The trade dispute is symptomatic of a deeper malady that has infected the whole relationship, from the geopolitical to industrial policy and the digital economy. A trade deal, no matter how cleverly spun, is not going to get the relationship back on track because both countries have moved from a framework of co-operation to one of open rivalry and strategic competition.
Beijing thinks Washington is bent on containing China to prolong the (declining) power of the US while denying China its rightful place in the sun. US elite and popular views of China also have soured, but for different reasons. Previous goodwill towards China, which took decades to build after the rapprochement that followed Richard Nixon’s opening to China in 1972, is rapidly eroding.
Americans increasingly believe Beijing is threatening US -security interests, undermining its prosperity, interfering in its democracy and challenging its values. Anti-China sentiment unites an otherwise divided and partisan Washington. It will endure long after Trump has departed the White House.
The Asia Society and the University of California, San Diego recently published a review of US-China relations authored by an expert group chaired by academics Orville Schell and Susan Shirk. It concludes the US and China “are on a collision course”.
The downturn in the relationship is “unprecedented” in the past 40 years and is of great concern because it comes when the US and China are more evenly matched, “making the dangers of overt conflict far greater”. This -assessment is widely held in Washington. Former US Treasury secretary Hank Paulson worries about the prospect of an economic iron curtain descending across the world that “unmakes the global economy, as we have known it”. Washington think tanks are fleshing out the details of policy recommendations for a whole-of-government push-back against China that could have enormous implications for Australia.
The problem is that while Trump has justifiably confronted China over its more egregious behaviour, his sledgehammer approach threatens to do more harm than good. Rather than enlisting allies in common cause against Beijing’s mercantilist trade policies, he gratuitously alienates like-minded countries, is openly contemptuous of the benefits of multilateralism and devalues the rule of law. Trump has mistakenly made the trade deficit with China his cause celebre when China’s win-at-all-costs industrial policy is a far thornier issue for the US and other developed countries.
What are the likely outcomes for US-China relations? There are three plausible scenarios: reconciliation, separation or divorce. These are explored in some detail by the Taskforce on Transforming the Economic Dimension of US China Strategy, chaired by Princeton -academic Aaron Friedberg and -former congressman Charles Boustany. Its main conclusion is that while moves towards disengagement or decoupling of their -economies could be reversed (reconciliation), it is likelier that the US and China will move -towards a significant degree of -disentanglement (separation), -especially in the tech sector.

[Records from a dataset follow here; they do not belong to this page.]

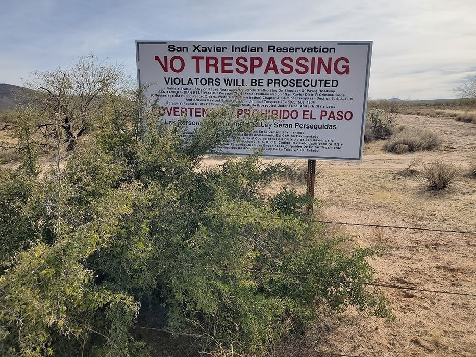 At Northern border of San Xavier reservation which is also very close to the Pascua Yaqui reservation high point. This should be a reminder of the contrast between the 2 reservations. The Pascua Yaquis allow anyone to walk freely. The San Xaviers apparently don't even allow hikers which is strange. The sign is stupid because it talks about staying on paved roads. There are no paved roads anywhere around here!!
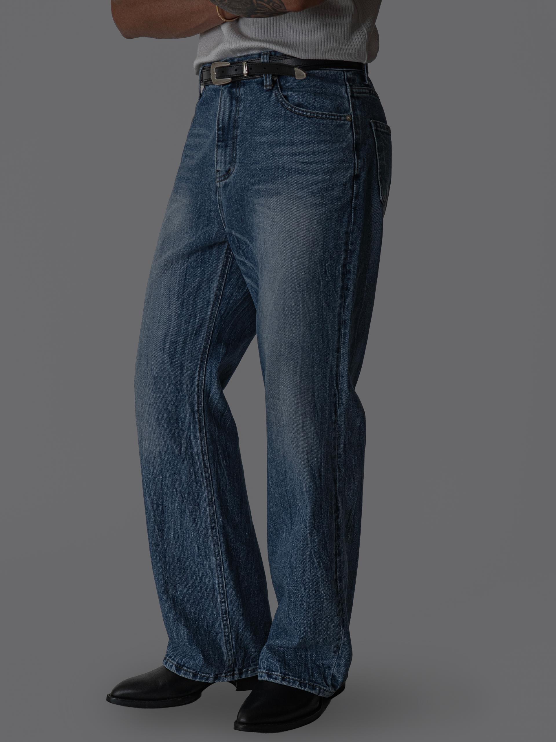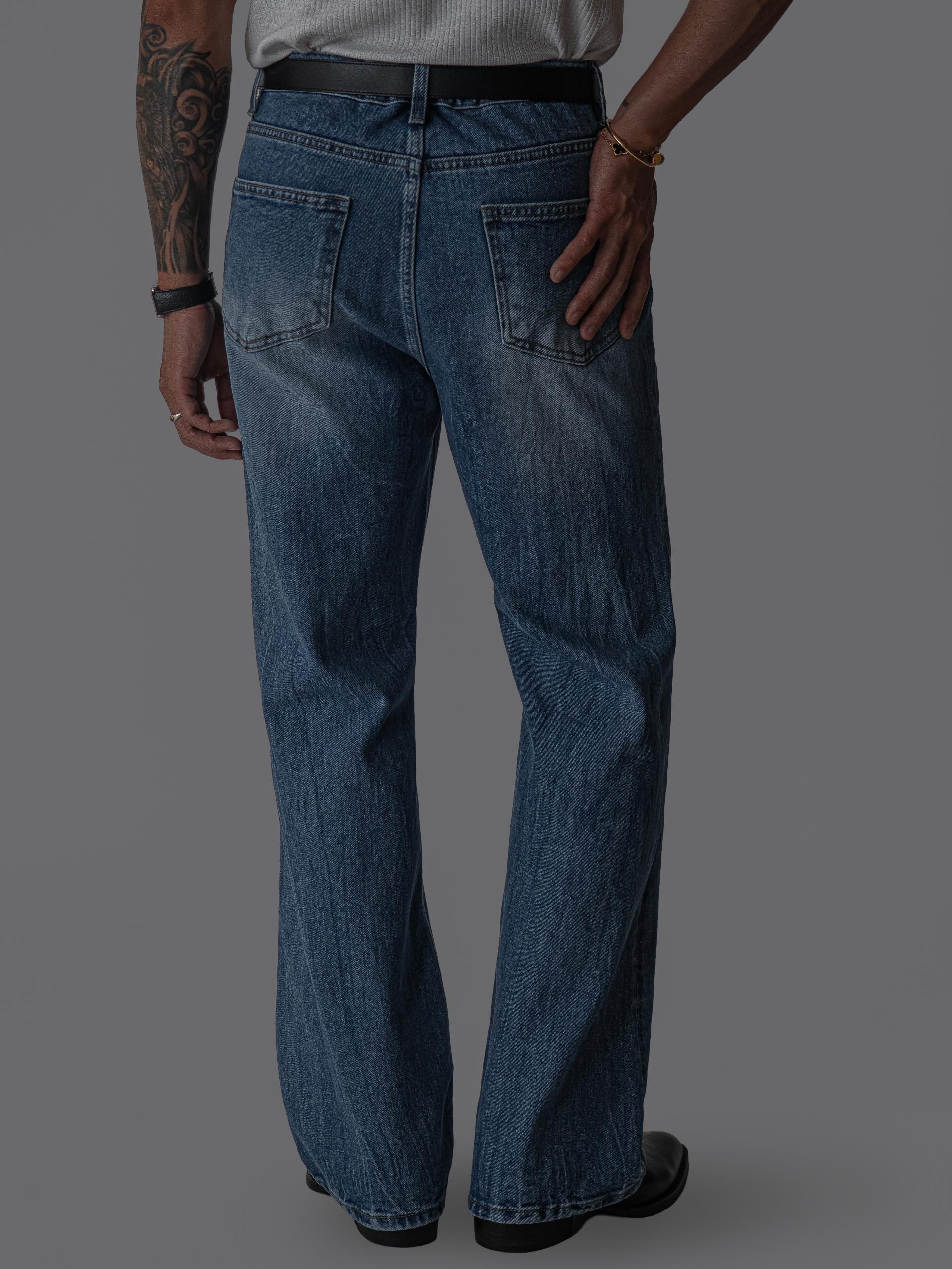 - 링클 주름 디테일과 워싱 가공으로 빈티지한 무드가 살아있는 데님 팬츠
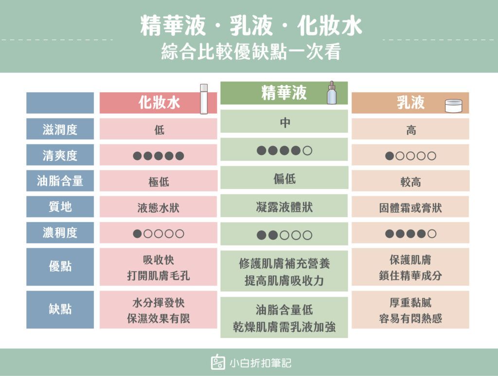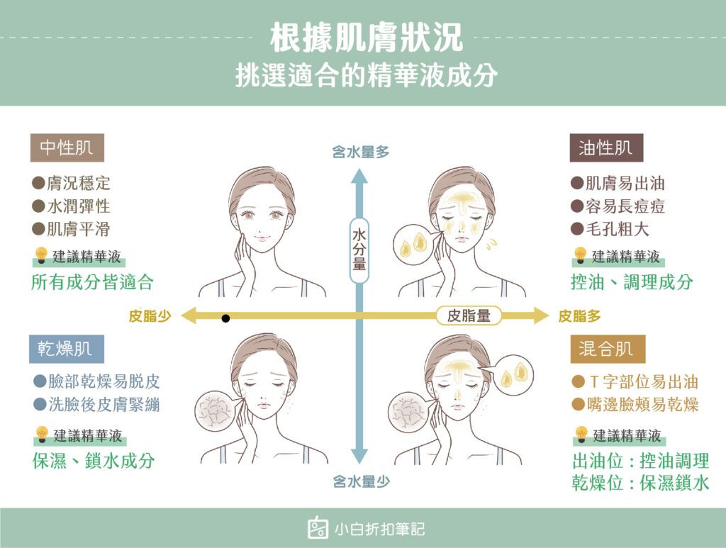 選購精華液前,最重要的第一步是確認自己的膚質類型與主要肌膚困擾。乾燥肌應優先挑選含玻尿酸、胺基酸、神經醯胺等高保濕鎖水成分的精華液,搭配乳液使用效果更佳;油性肌則應選擇含控油調理成分如米萃取、維他命B6、植酸等,並避開含高滋潤油脂成分如凡士林、乳油木果油的配方,以免加重出油問題;混合肌可針對T字部位與臉頰分別選用不同功效的精華液,靈活搭配;中性肌則可根據在意的問題如暗沈、細紋等選擇對應成分。
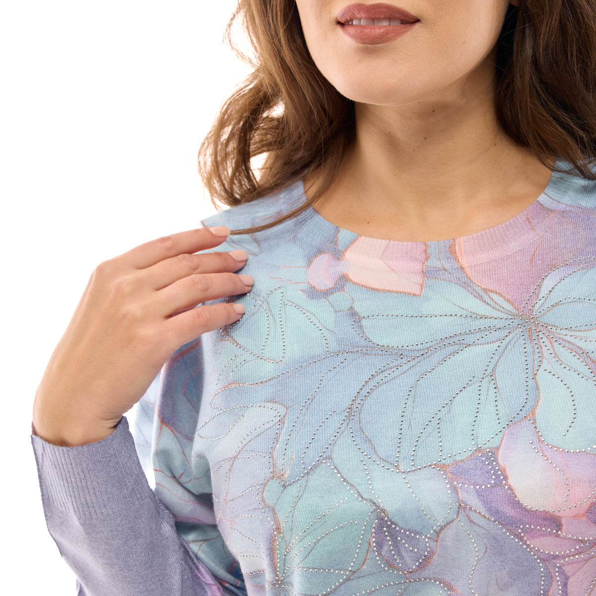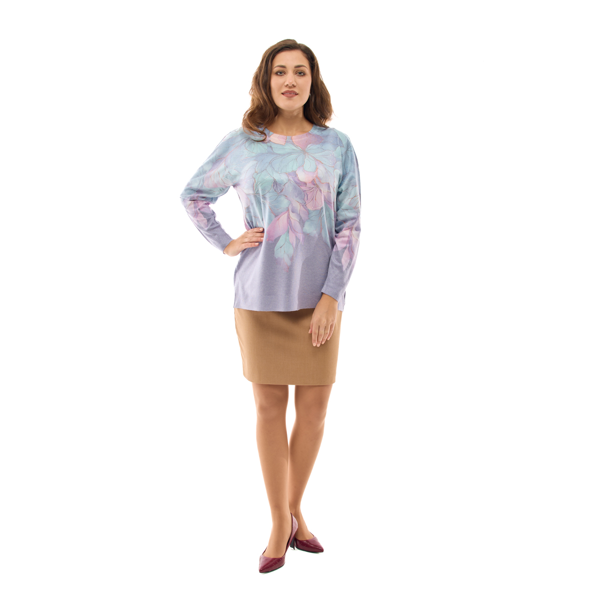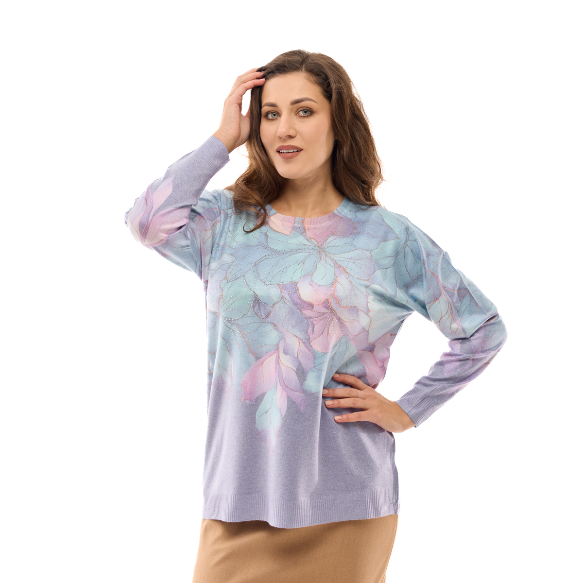 Джемпер Аліса - цей стильний і елегантний предмет гардероба по праву можна назвати витвором мистецтва. Унікальний квітковий візерунок робить модель неймовірно жіночною і привабливою.
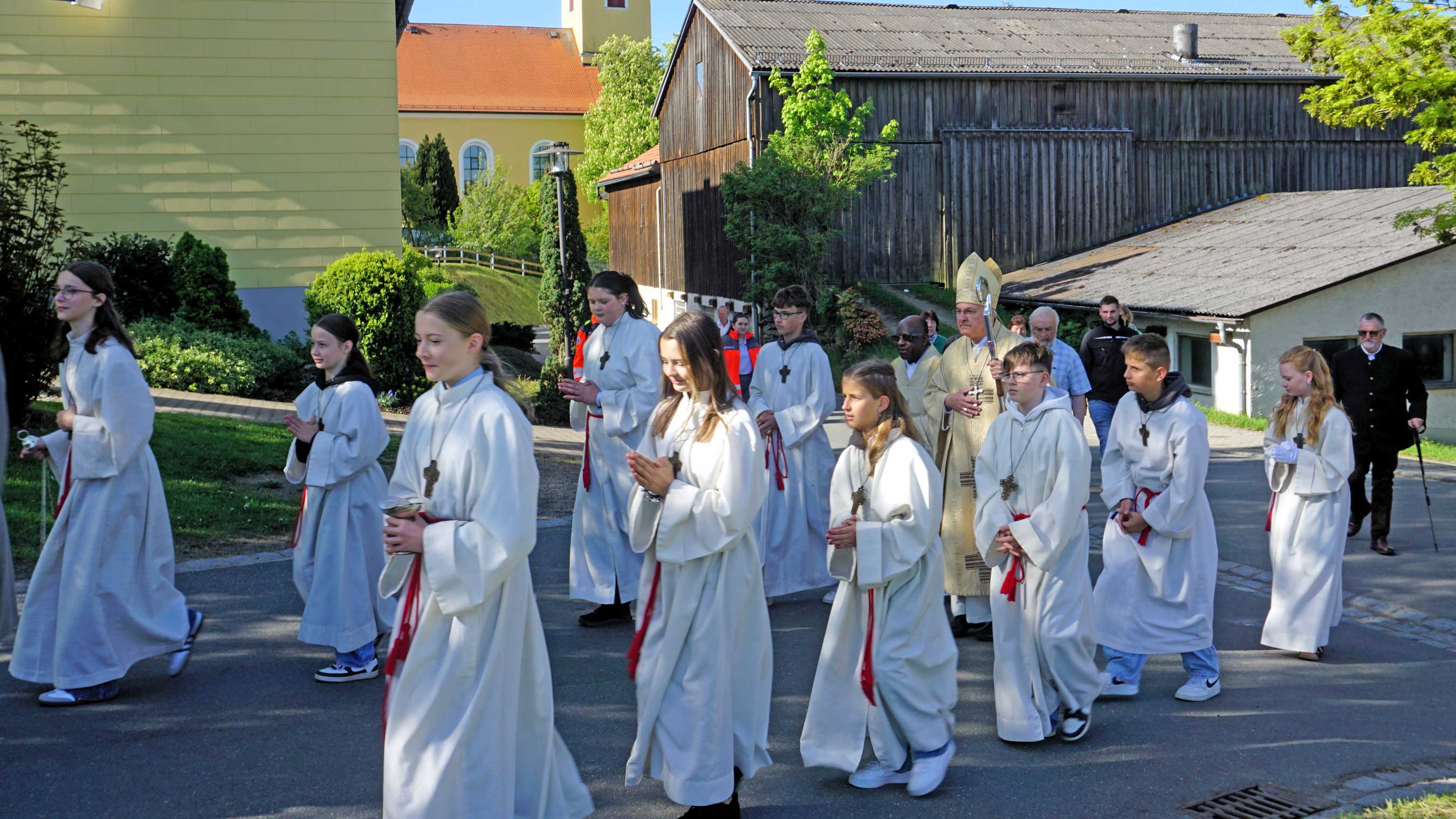 „Im heutigen Gottesdienst gibt es eine Menge zu feiern“, so leitete Diözesanbischof Dr. Rudolf Voderholzer seine Predigt beim Festgottesdienst ein. „Wir feiern den vierten Sonntag in der Osterzeit, den die Kirche als Sonntag vom Guten Hirten begeht, dann den Muttertag und schließlich den 150. Geburtstag der Freiwilligen Feuerwehr Griesbach.“
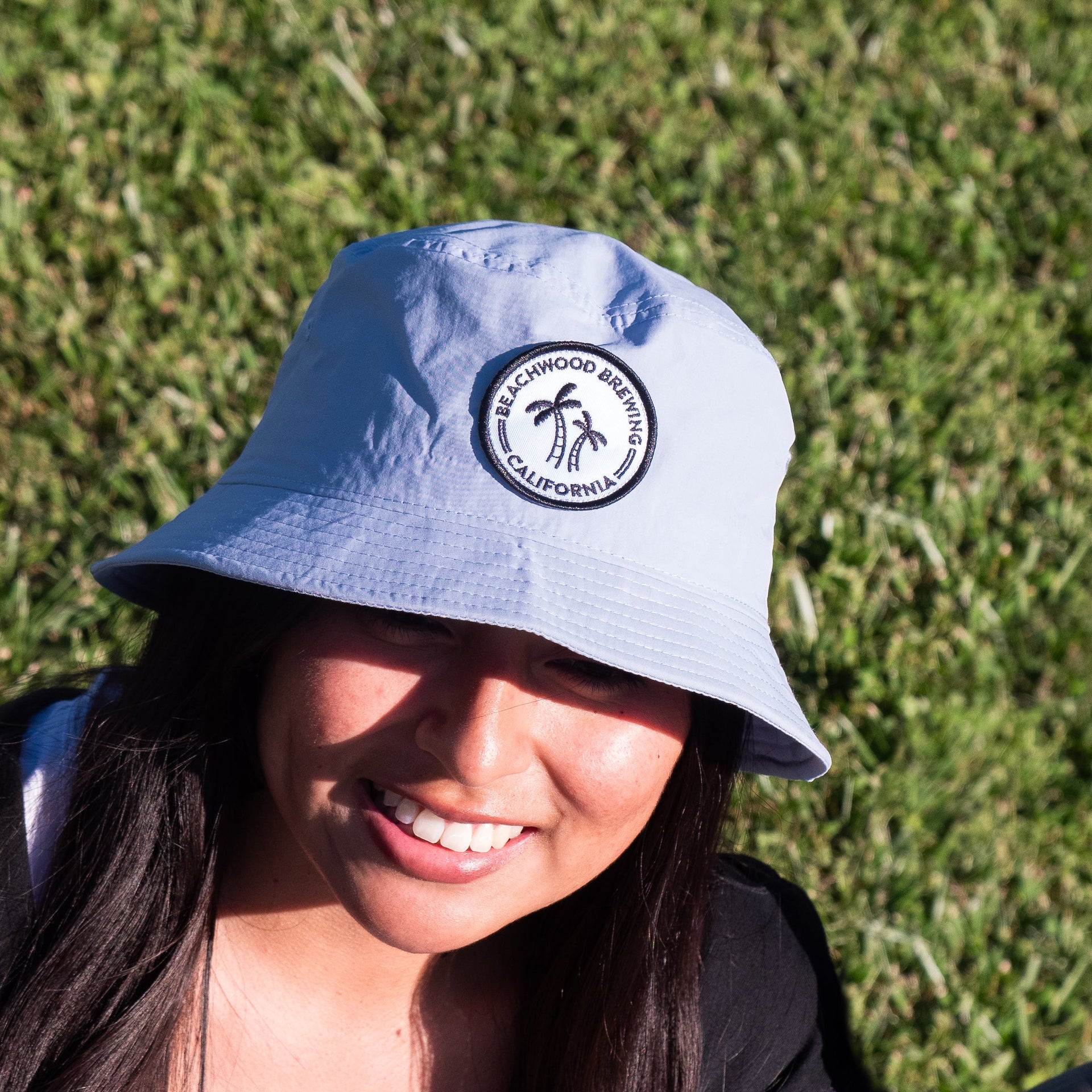 100% recycled nylon Bucket Hat with Beachwood Brewing Patch in Powder. One size fits most.

In a worst-case scenario, caused by rising tensions over separation, an external geopolitical crisis over Taiwan, North Korea, the South China Sea or some combination of the two, disengagement could -accelerate and become more complete, resulting in a high degree of separation (divorce).
Reconciliation is unlikely because US-China economic differences have emerged against a background of intensifying competition over ideology, geopolitics, technology and industrial policy, which is undermining trust and muting co-operative impulses.
It’s difficult to see how a trade deal will do anything more than briefly pause the downward spiral in relations. Trump may choose to declare victory by persuading China to buy more US soybeans, natural gas and other commodities, but he will be roundly criticised domestically from the Left and the Right if he is seen to be caving in to Chinese President Xi Jinping without extracting enforce-able and meaningful concessions.
However, Xi will resist any attempt by the US to lock in verification and enforcement of a trade agreement. Nor is he likely to abandon his attempt to dominate the future hi-tech landscape by heavily subsidising Chinese companies while stealing competitors’ intellectual property and forcing foreign companies to transfer technology to Chinese partners.
These practices are integral to the Chinese Communist Party’s plans for achieving technological breakthroughs, boosting productivity, sustaining growth, preserving social stability and keeping its grip on domestic power. Xi is convinced Trump wants to force China to alter its successful economic model by unfairly constraining its economic and technological development with the ultimate aim of destabilising its political system.
Bifurcation
If reconciliation is improbable, does that mean the US and China are headed for divorce? And what would that mean in practice? A push to disengage, or decouple, is beginning to gain traction in both Washington and Beijing.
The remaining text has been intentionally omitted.